— А ты что скажешь, Кирилл? — спросил он.
— Решай сам, что для тебя важнее, воевода. Судьба Новгорода или личная месть.
— А ты бы что выбрал?
— Будь я на своём месте, я бы выбрал месть. Но если бы я был воеводой, героем и Людина, и Славенского конца, будь я мудрым вождём, одолевшим Змея Горыныча во славу Божью, я уже не принадлежал бы себе. Ты уже сделал свой выбор, брат мой, когда стал воеводой. Теперь от тебя зависит судьба многих людей, судьба Новгорода.
— Отец учил меня, что власть — это свобода, — задумчиво произнёс Добрыня, — а я вижу, что власть — это великая несвобода. Или это какая-то неправильная власть?
— Истинная власть теперь в руках Божьих, — молвил епископ, — а мы все рабы его.
— Что ж, да будет так, — поднялся с лавки Добрыня, — поеду в Ракому.
Эхо далеко разнесло его слова, под самые купола, будто бы сам Бог был свидетелем его обещания. С тяжёлым сердцем сын Никиты отказался от мести за своего отца. Меч-Молния требовал крови, требовал новых жертв. Чтобы перебороть этот демонический зов, Добрыня решил избавиться от меча. Ночью он положил его в сундук и закопал в землю у себя во дворе. Огромная сила теперь была спрятана, вынужденная ожидать часа проявить себя.

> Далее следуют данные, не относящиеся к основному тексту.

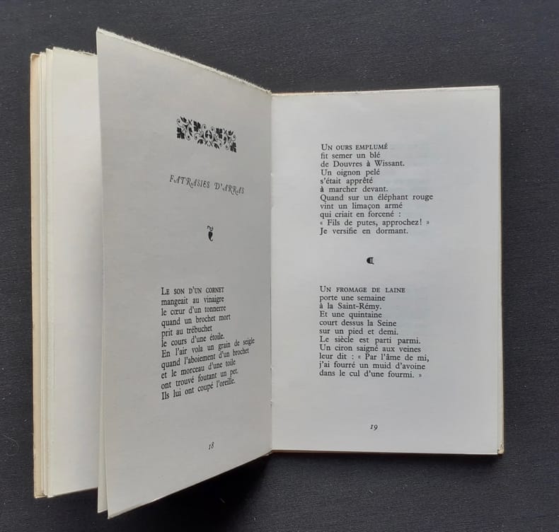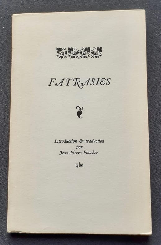 Introduction et traduction de Jean-Pierre Foucher. Paris : Guy Lévis Mano (GLM), mars 1964 - un volume broché (16,6x10,4 cm), 72 pages. Edition originale tirée à 1050 exemplaires numérotés : 1/1000 sur offset. Bon état. Recueil des fatrasies d'Arras, de Beaumanoir, Watriquet, Jean Régnier, Jean Molinet et un fatras anonyme.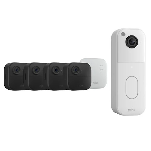 Système de surveillance avec caméras IP sans fil HD intégrale 1080p Outdoor 4 (4 unités) et sonnette vidéo Wi-Fi 1440p de Blink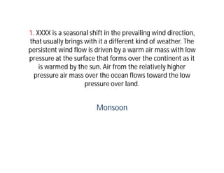 The document discusses various geographical terms and features. It begins by defining monsoon as a seasonal shift in wind direction that brings different weather when a warm air mass forms over a heated continent. It also defines El Nino and La Nina in relation to warming and cooling of surface waters in the Eastern Pacific. The Tropics of Cancer and Capricorn are described as the lines where the sun is directly overhead at noon on the summer and winter solstices in the Northern and Southern Hemispheres. Several other terms are defined such as peninsula, isthmus, trade winds, alluvial soil, and features like the Deccan Plateau, Brahmaputra River, Coromandel Coast, and Kosi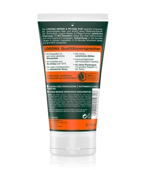 La CURE RÉPARATION & SOIN LOGONA répare les cheveux abîmés et endommagés et les rend résistants. La formule riche et végane Repair & Care d’origine naturelle à l’argousier bio nourrit les cheveux en profondeur et lutte contre la casse.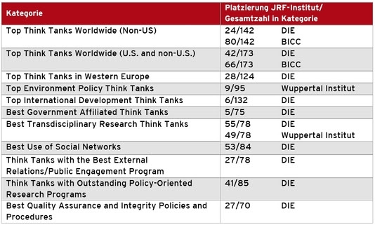 In die Spitzenkategorie im globalen Ranking von Denkfabriken haben es auch in diesem Jahr drei Institute der Johannes-Rau-Forschungsgemeinschaft (JRF) geschafft. Das Deutsche Institut für Entwicklungspolitik (DIE), das Internationale Konversionszentrum Bonn (BICC) und das Wuppertal Institut für Klima, Umwelt, Energie zählen nach dem Global Go To Think Tank-Ranking 2017 zu den renommiertesten Forschungs- und Beratungsinstituten weltweit.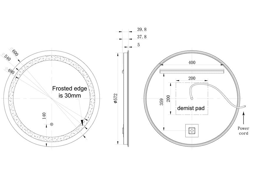 Front-lit circular mirror that can be adjusted from cool to warm light. Fitted with a demister pad to keep the mirror steam-free. Available in a selection of sizes.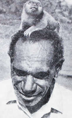 Обращаться за разъяснениями к Гэсу было бесполезно— он безмятежно спал. Оставалось лишь последовать его примеру. И удивительно, в ту ночь я спал прекрасно, без всяких сновидений. Утром мы насчитали в «мужском доме» около тридцати черепов, причем все они были препарированы по-разному. К ним приделали бороды и волосы, носы самой диковинной формы и разрисовали всевозможными узорами. Все это, в сочетании с декоративным оформлением «интерьера», производило несколько странное впечатление. Однако мы начали уже привыкать к присутствию черепов в жилых помещениях. — Что же вы хотите, — объяснял Гэс, — ведь мы храним снимки своих родственников в семейных альбомах, а местные жители коллекционируют черепа выдающихся родственников. Это, безусловно, более долговечные памятники. — Ты прав, разница невелика. — Пойдемте-ка лучше смотреть деревню. Деревня мало чем отличалась от тех, которые мы посетили раньше. Несколько иначе разукрашены весла и каноэ, другие росписи и циновки, служащие стенами хижин, но все та же детвора, те же замужние женщины, испокон веков выполняющие здесь роль рабочей силы. Мужчины же либо предаются блаженной лени, либо обсуждают «чрезвычайно важные» вопросы. В перерывах между этими занятиями они отправляются в путь на своих каноэ, чтобы подыскать древесину, пригодную для постройки лодок или для резьбы. Иногда мужчины отправляются на охоту. Разгуливая по деревне, мы встретили мужчину со странным «головным убором». В кудрявых волосах канака торчал зверек величиною с кошку. Темно-серый мех, большие глаза, свернутый в трубку безволосый хвост — всё это выдавало в нем кускуса. Абориген гордо носил своего любимца, время от времени поглаживал его. Он, видно, был очень привязан к зверьку. Мы засняли хозяина с его кускусом со всех сторон, а потом решили поговорить с ним. Стах спросил: — Какая польза от этого ручного кускуса? Гэс перевел. Островитянин посмотрел на нас, как на идиотов. — Каи каи, — кратко ответил он. При этом у островитянина было такое выражение лица, какое могло бы появиться у электротехника, если бы его спросили, какая польза от электролампочки. И для пущей убедительности канак повторил: — Кускус, — при этом он многозначительно погладил себя по животу. Неизменно сопровождающая нас стайка детворы дружно подтвердила его мнение. — Он прав, — рассмеялся в свою очередь Гэс, — жаркое из кускуса очень вкусно. Думаю, что европейским обществам защиты животных не найти здесь себе сторонников.

А Добрыня снова превратился в простого смертного, от которого при этом зависела судьба всего Новгорода.
Глава 14
Вира
За короткий срок пребывания в доме Добрыни Забава Путятишна умудрилась перессориться со всеми его домочадцами. Настроение её менялось крайне резко. То она проливала слёзы от того, что её любимый монстр не отвоевал её не назад, то наоборот начинала всех высмеивать, язвить, ругаться на слуг. Но Забаве всё это спускали с рук, поскольку все поняли главную причину такого поведения: она беременна.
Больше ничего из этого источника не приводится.